In this study, UPLC-MS/MS analysis was performed with a modification of the method by Basit and coworkers [22]. UPLC–MS/MS analysis was carried out on a SCIEX QTRAP^® 4000 mass spectrometer coupled to an Agilent 1290 Infinity LC system. Chromatographic separation was achieved using a BEH C18 column (2.1 × 50 mm, 1.7 μm) eluted at a flow rate of 0.4 mL/min. The mobile phase consisted of 0.1% formic acid in acetonitrile/water (20:80, v/v) (solvent A) and 0.1% formic acid in acetonitrile/2-propanol (20:80, v/v) (solvent B). A step gradient program was developed for optimal separation of all ceramide species as follows: 0.0–1.0 min 75% solvent B, 1.0–9.0 min 75 to 83% solvent B, 9.0–9.1 min 83 to 100% solvent B, 9.1–10.0 min 100% solvent B. The column was then reconditioned to 75% solvent B for 2.0 min. The total run time for analysis was 12 min and the injection volume was 2 µL. The LC-MS/MS system was operated in positive ion mode electrospray ionization (ESI). Quantification of ceramide and dihydroceramide species was performed using multiple-reaction monitoring (MRM) of the transitions of mass-to-charge ratio (m/z) 538.50 → 264.20, m/z 566.50 → 264.20, m/z 594.50 → 264.20, m/z 540.45 → 522.65, m/z 568.54 → 550.54, m/z 652.51 → 634.80, m/z 650.49 → 632.80, m/z 573.50 → 271.30, and m/z 505.46 → 487.68 for Cer-16, Cer-18, Cer-20, DhCer-16, DhCer-18, DhCer-24, DhCer-24:1, Cer-18-d₇, and DhCer-13-d₇, respectively. The following parameters were set on the MS/MS system: curtain gas, 25 psi; ion spray voltage, 5500 V; temperature, 550 °C; gas 1 and gas 2, 50 and 60 psi, respectively.

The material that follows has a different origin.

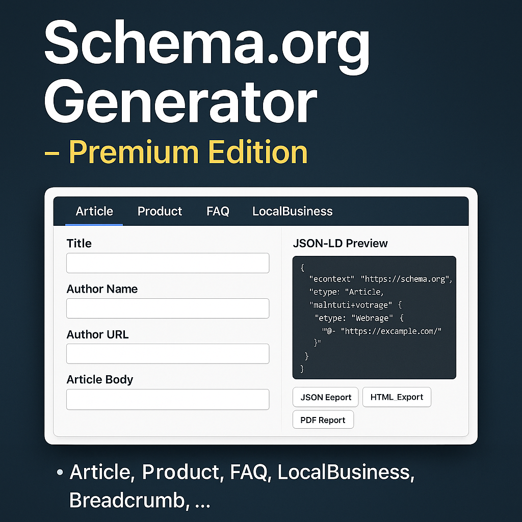 Der JSON-LD Schema Generator (Premium) ist ein leistungsstarkes, vollständig lokal laufendes SEO-Tool zur Erstellung strukturierter Daten für Webseiten, Online-Shops, Blogs, Unternehmen und Agenturen. Mit nur wenigen Klicks erzeugst du perfekt formatiertes, Google-konformes JSON-LD für über 16 professionelle Schema.org-Typen – inklusive Live-Vorschau und Exportfunktionen. Kein Login, keine API, keine Cloud – alles läuft auf deinem eigenen Webspace. 🚀 Warum dieses Tool? Strukturierte Daten sind einer der wichtigsten SEO-Rankingfaktoren. Google nutzt sie für Rich Results, Knowledge Panels, FAQ-Snippets, Produktdarstellungen, Event-Karten, Sternebewertungen u. v. m. Der Premium-Generator spart dir unzählige Stunden manueller Arbeit, vermeidet Fehler und liefert sofort einsatzbereites JSON-LD, das garantiert lesbar und valide ist. 🧩 Enthaltene Schema-Module (16 Typen) Alle Module sind vollständig integriert, mit eigenen Eingabefeldern und automatisch generiertem JSON-LD: 🔹 Content & Artikel Article NewsArticle BlogPosting HowTo VideoObject 🔹 FAQ & Informationen FAQPage BreadcrumbList 🔹 Produkte & Commerce Product Review AggregateRating 🔹 Events Event 🔹 Unternehmen LocalBusiness Organization Person 🔹 Rezepte & Special Content Recipe 👉 Damit deckt das Tool praktisch alle relevanten Schema-Typen ab, die Google in SERPs darstellt. 🛠️ Funktionen & Vorteile ✔ 16 vollintegrierte Schema-Module Für Blogs, Shops, Unternehmen, Events, Jobs, Rezepte, Videos – alles in einem Tool. ✔ Live JSON-LD Vorschau Die generierten Daten werden live formatiert dargestellt. ✔ Fehlerfreie Ausgabe Alle Eigenschaften werden automatisch korrekt formatiert – keine JSON-Syntaxfehler. ✔ Keine API, keine Limits, kein Abo 100 % lokal → DSGVO-konform & blitzschnell. ✔ Exporte für professionelle Workflows PDF-Report (tFPDF, stabil & sauber formatiert) JSON-Export HTML-Export (script-Block) PNG-Export (Screenshot des Outputs) Perfekt für SEO-Dokumentationen, Kundenprojekte und Audits. ✔ Intuitive Eingabeoberfläche Klare Struktur, selbsterklärende Felder, sofort einsetzbar. ✔ Demo- und Premium-Modus In der Demo sind nur Article und FAQ aktiv. Die Premium-Version schaltet alle 16 Module + Exporte frei. Der JSON-LD Schema Generator (Premium) ist ein leistungsstarkes, vollständig lokal laufendes SEO-Tool zur Erstellung strukturierter Daten für Webseiten, Online-Shops, Blogs, Unternehmen und Agenturen. Mit nur wenigen Klicks erzeugst du perfekt formatiertes, Google-konformes JSON-LD für über 16 professionelle Schema.org-Typen – inklusive Live-Vorschau und Exportfunktionen. Kein Login, keine API, keine Cloud – alles läuft auf deinem eigenen Webspace. 🚀 Warum dieses Tool? Strukturierte Daten sind einer der wichtigsten SEO-Rankingfaktoren. Google nutzt sie für Rich Results, Knowledge Panels, FAQ-Snippets, Produktdarstellungen, Event-Karten, Sternebewertungen u. v. m. Der Premium-Generator spart dir unzählige Stunden manueller Arbeit, vermeidet Fehler und liefert sofort einsatzbereites JSON-LD, das garantiert lesbar und valide ist. 🧩 Enthaltene Schema-Module (16 Typen) Alle Module sind vollständig integriert, mit eigenen Eingabefeldern und automatisch generiertem JSON-LD: 🔹 Content & Artikel Article NewsArticle BlogPosting HowTo VideoObject 🔹 FAQ & Informationen FAQPage BreadcrumbList 🔹 Produkte & Commerce Product Review AggregateRating 🔹 Events Event 🔹 Unternehmen LocalBusiness Organization Person 🔹 Rezepte & Special Content Recipe 👉 Damit deckt das Tool praktisch alle relevanten Schema-Typen ab, die Google in SERPs darstellt. 🛠️ Funktionen & Vorteile ✔ 16 vollintegrierte Schema-Module Für Blogs, Shops, Unternehmen, Events, Jobs, Rezepte, Videos – alles in einem Tool. ✔ Live JSON-LD Vorschau Die generierten Daten werden live formatiert dargestellt. ✔ Fehlerfreie Ausgabe Alle Eigenschaften werden automatisch korrekt formatiert – keine JSON-Syntaxfehler. ✔ Keine API, keine Limits, kein Abo 100 % lokal → DSGVO-konform & blitzschnell. ✔ Exporte für professionelle Workflows PDF-Report (tFPDF, stabil & sauber formatiert) JSON-Export HTML-Export (script-Block) PNG-Export (Screenshot des Outputs) Perfekt für SEO-Dokumentationen, Kundenprojekte und Audits. ✔ Intuitive Eingabeoberfläche Klare Struktur, selbsterklärende Felder, sofort einsetzbar. ✔ Demo- und Premium-Modus In der Demo sind nur Article und FAQ aktiv. Die Premium-Version schaltet alle 16 Module + Exporte frei. 🎯 Ideal für SEO-Agenturen & Webdesigner Marketing-Teams Online-Shops Blogger & Publisher Freelancer Unternehmen aller Größen 🔒 100 % DSGVO-konform Keine Daten verlassen den Server. Kein Tracking. Das Tool funktioniert vollständig offline. 💬 Fazit Der JSON-LD Schema Generator (Premium) ist eines der umfangreichsten Schema-Tools am Markt – jedoch ohne monatliche Kosten. Perfekt für alle, die Rich Snippets, SEO-Transparenz und professionelle strukturiere Daten benötigen. 💰 Preis 39 € (einmalig) ✓ Lifetime-Lizenz ✓ Alle Premium-Module ✓ Exportfunktionen ✓ Kostenlose Updates

Calibration curves were constructed by plotting the corresponding peak area ratios of analyte/internal standard versus the corresponding analyte concentrations using weighted (1/x²) least squares regression analysis. Results are expressed as mean ± S.D. using GraphPad Prism (Ver. 8.2.0). Significance was evaluated by paired t-test. p < 5.0 × 10⁻² were considered significant statistically. Coefficients of correlation (r²) between plasma ceramide level of subjects with MetS and their clinical indicators were calculated using MedCal^® software (Ver. 20.014).

2.5. SNP Genotyping

DNA samples were extracted from 200 μL of dispensed whole blood using a Roche MagNA Pure 96 System with Roche MagNa Pure 96 DNA and Viral NA Small Volume Kit. Two hundred microliters of DNA samples were genotyped following the manufacturer’s instructions on a ThermoFisher GeneTitan™ Multi-Channel Instrument with the Axiom^® Korea Biobank Array v1.1 chip. Genotype result CEL files were transformed into a PLINK input format file (ped format) using the Axiom^® Analysis Suite program. Samples not reaching the cut-off criteria, Dish QC (DQC) ≥0.82 and call rate ≥0.97, were re-genotyped using another KoreanChip. Genotyped files were analyzed using PLINK (Ver. 1.90) [23]. SNPs classified as Mendelian inconsistencies (--mendel-multigen) were regarded as missing and SNPs with low genotyping rates (<0.05), low minor allele frequency (<0.01), and outlying heterozygosity (<0.31 or >0.33) were excluded.

2.6. Association Analysis

Significantly associated SNPs were analyzed using Ensembl API Client (Ver. 1.1.5) with genome assembly hg19 to annotate gene symbols. Annotated SNPs included in the ceramide biosynthesis genes and significant SNPs with p values of <5.0 × 10⁻² in Hardy-Weinberg equilibrium analysis were selected.

Selected SNPs were analyzed for association with plasma dihydroceramide and ceramide levels using linear regression models. Then, the results were adjusted to elucidate false positives resulting from multiple testing by Benjamini–Hochberg FDR-adjusted p value calculation and associations were considered statistically significant at FDR-adjusted p values of <5.0 × 10⁻². Association analyses were undertaken for each dihydroceramide and ceramide using the R package software (Ver. 3.5.3).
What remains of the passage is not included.